I'm feeling a little...thoughtful, I guess. I had this dream about a week ago, and now tomorrow is September 11, and Yom Kippur starts on Sunday night. Yom Kippur is the Day of Atonement. The time between Rosh Hashana (Feast of Trumpets--it started Friday night) and Yom Kippur is supposed to be a time of self-examination and reflection, and then Yom Kippur is the day set aside to acknowledge one's faults, experience remorse, make amends, and resolve to do better. The idea is to do this before God, who sees all, and from whom there is no hiding, and to whom there is no possibility of lying.



There's been so much death, so much ending, and so much sorrow. It's more than just the deaths of my parents and friends and those around me.

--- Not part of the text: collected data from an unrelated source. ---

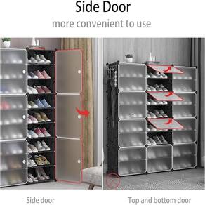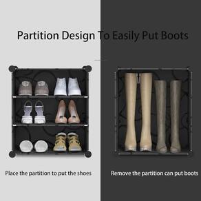 Sapateira Modular Gigante de 12 Portas – Armazena até 144 CalçadosA Sapateira Modular Gigante é uma solução inovadora para manter seus calçados, bolsas, brinquedos e outros itens organizados, otimizando o espaço de forma eficiente.Com um design moderno e funcional, é perfeita para ambientes pequenos, como corredores, armários, entradas e quartos.Principais Características:Capacidade Ampla: Armazena até 144 pares de sapatos, além de acomodar bolsas, brinquedos e outros acessórios, ajudando a manter tudo no devido lugar.Design Vertical Inteligente: A estrutura alta e estreita ocupa pouco espaço no chão, permitindo melhor aproveitamento de ambientes compactos.Painéis Protetores: Laterais, topo e fundo são revestidos com painel plástico PP, proporcionando proteção contra poeira e facilitando a limpeza.A porta transparente permite visualizar os itens sem necessidade de abrir o compartimento.Material Resistente e Durável: Fabricada com estrutura de metal e conectores de ABS reforçado, garantindo maior estabilidade e resistência.Modular e Personalizável: O sistema modular permite que a sapateira seja montada em diferentes formatos.Pode ser dividida em duas sapateiras menores de 5 níveis cada, adaptando-se ao espaço disponível e às suas necessidades.Fácil Montagem: Acompanha manual de instruções para montagem prática e rápida.Atenção: Evite sobrecarregar as prateleiras para manter a estrutura estável.O plástico é inflamável, portanto, evite exposição direta ao calor.Ficha Técnica:Cor: Preto e TransparenteMaterial: Plástico PP e Estrutura de FerroNúmero de Compartimentos: 12 compartimentos fechadosDimensões Totais: 160 cm (largura) x 135 cm (altura) x 30 cm (profundidade)Itens Inclusos: Peças modulares e manual de montagemCom um design elegante e funcional, essa sapateira é ideal para quem busca organização e praticidade sem comprometer o estilo do ambiente.
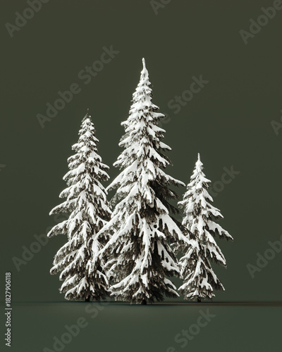Fototapeta premium Pine trees with snow on green background. Winter pine trees. 3D Rendering, 3D Illustration
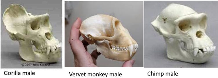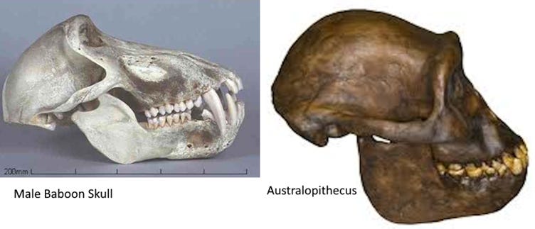 The baboon jaw is that of a plant-eater with a fearsome bite, while the australopithecus jaw, which humans have inherited, is only for eating. And the baboon’s frightening canine presentation to other species is typical of primates, it’s the hominin skull that is out of step. Other animals that get close to monkeys or apes need to know that they bite, and the primates help them to recognize that fact by showing their canines in gestures.

Sometimes I wonder what this life is for.



People say that if you live a good life that you get rewards at the end of it. I don't care. I don't want rewards. I want my friends to live. I want the people I love to make the right choices.



I want people to be able to change. I don't want to believe that this world started out in a perfect garden and is headed inexorably toward Armageddon and that nothing can stop it. I don't want to believe that peace can never be achieved in the Middle East, in Northern Ireland, or in Bosnia.



I want to believe that just one person I love has decided to live his life differently, to care more about being kind than about being comfortable, to live for more than the moment, and to place more value on the content of a person's character than on their physical appearance.



If I live my whole life in a futile attempt to convince just one person to choose that path, I don't care if there are rewards at the end of my life; I don't want them. I don't want anyone to say, "You've done well, you worked hard in the face of obstacles, he didn't change and yet you didn't give up and didn't become bitter," or whatever version of "you did the right thing" might be said. I don't care, I don't want that.



No reward I could get at the end of my life could be anything but emptiness. No reward could take the place of the redemption of someone I love.